Song of the Day 5/3: Kiss, “Love Gun”
Apparently every American citizen is now required to voice a position on transgendered youth. Paul Stanley, lead singer and rhythm guitarist of glam rockers Kiss, went public the other day with his take — he thinks it’s a “sad and dangerous fad” — which brought him praise from conservatives and charges of laughable hypocrisy from everyone else.

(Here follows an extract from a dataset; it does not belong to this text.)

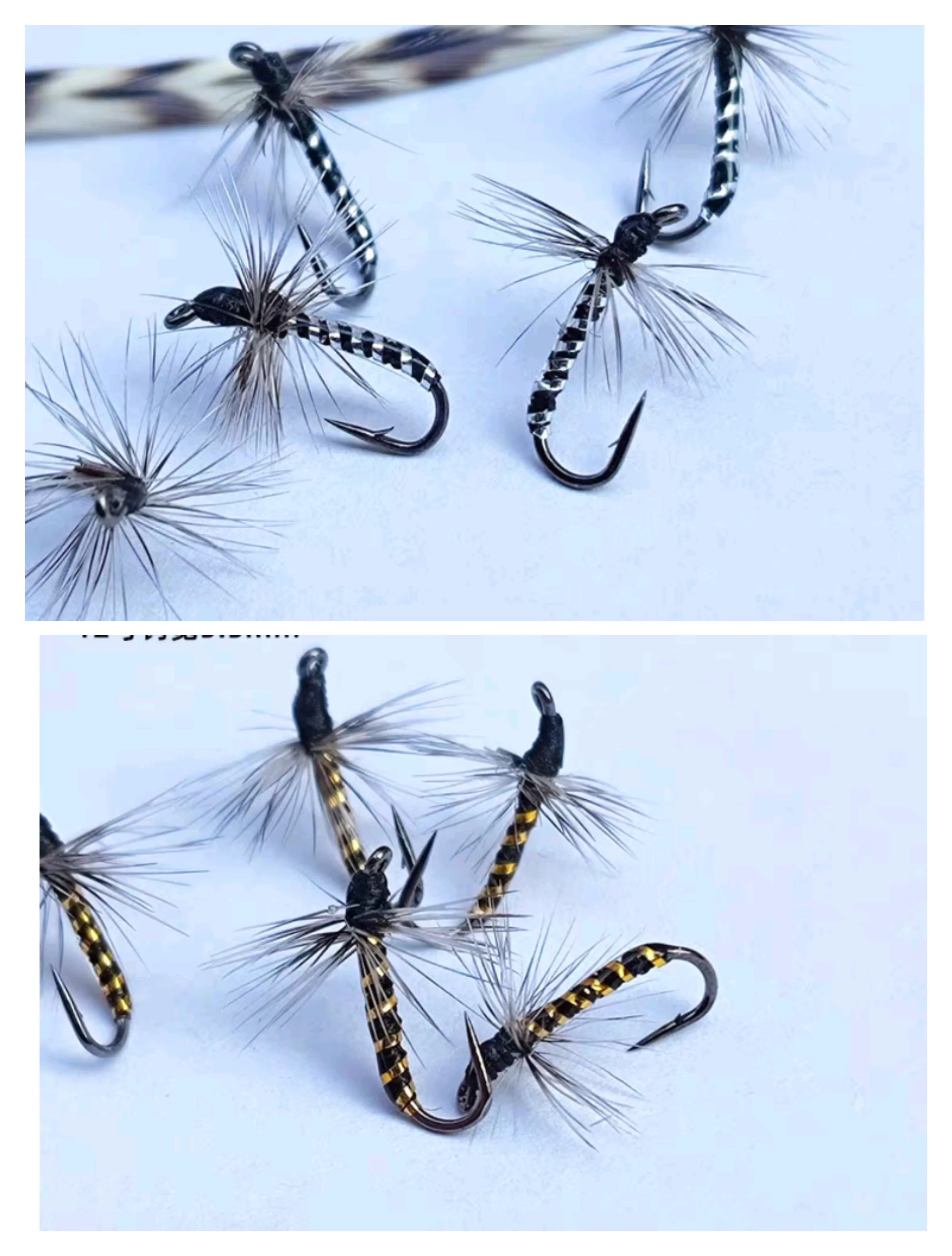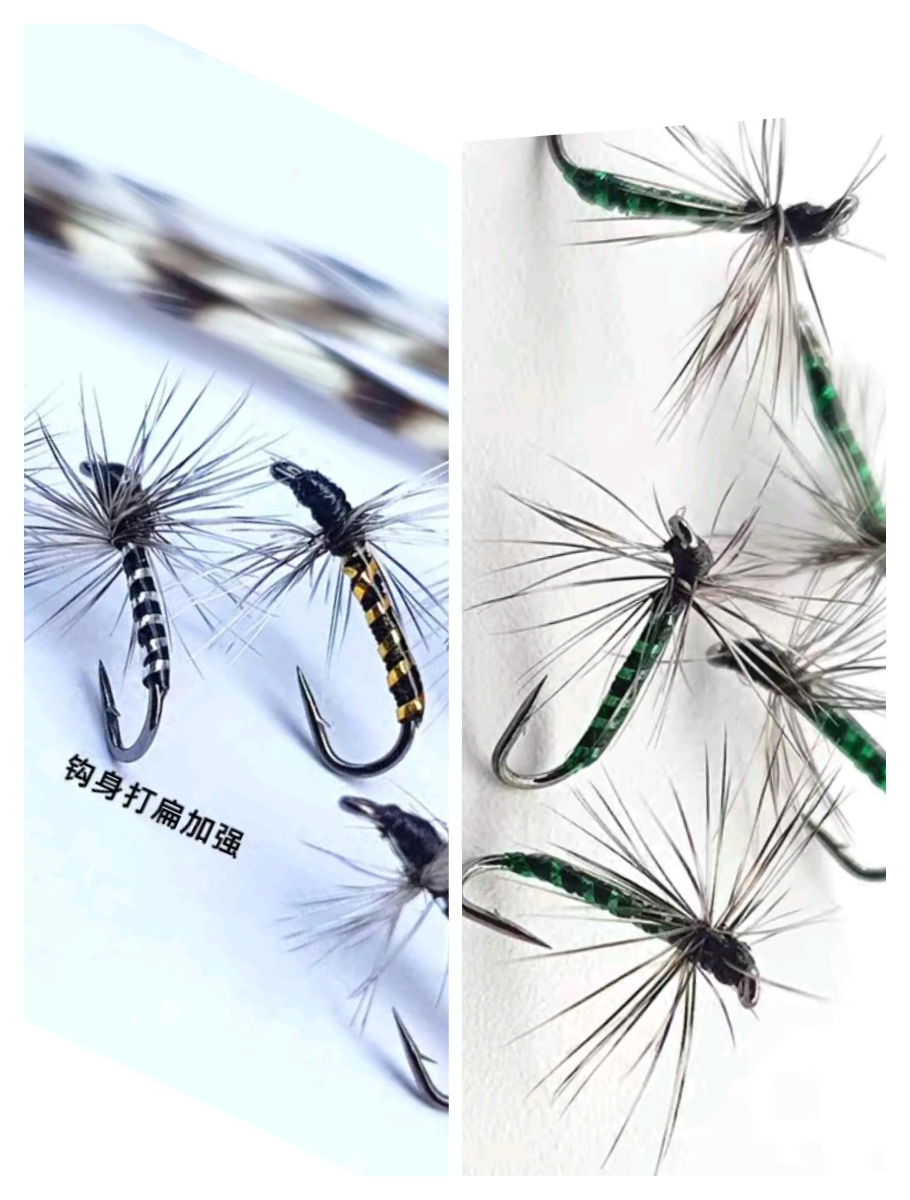 The new abdominal-legged mosquito fish comes in 4 colors. It is tied with a plume and uses a high-carbon steel flat-bent bare hook! The coating has bright colors, no unraveling, and is durable!

You don’t have to be as old as I am to remember when Kiss was viewed as a sad and dangerous fad. They were just a New York bar band that elevated its pedestrian rock repertoire by wearing gobs of greasepaint and treating concertgoers to shock-rock antics pioneered years earlier by Alice Cooper, but they seemed like a sign of declining civilization at the time. Considering what happened to rock and roll post-Kiss, maybe those critics were right.
It’s ironic that Stanley would be the one to say this — glam rock was all about androgyny, after all, and Stanley played the glamourpuss opposite Gene Simmons’ macho posturing — but maybe it’s a common insecurity for aging glam rockers. Among those voicing support for Stanley was Dee Snider, frontman of Twisted Sister.
Stanley called “Love Gun,” the title track to the band’s 1977 LP, a quintessential Kiss song. I think its sophisticated approach to its subject might have been an inspiration for some of the songs in “Spinal Tap.”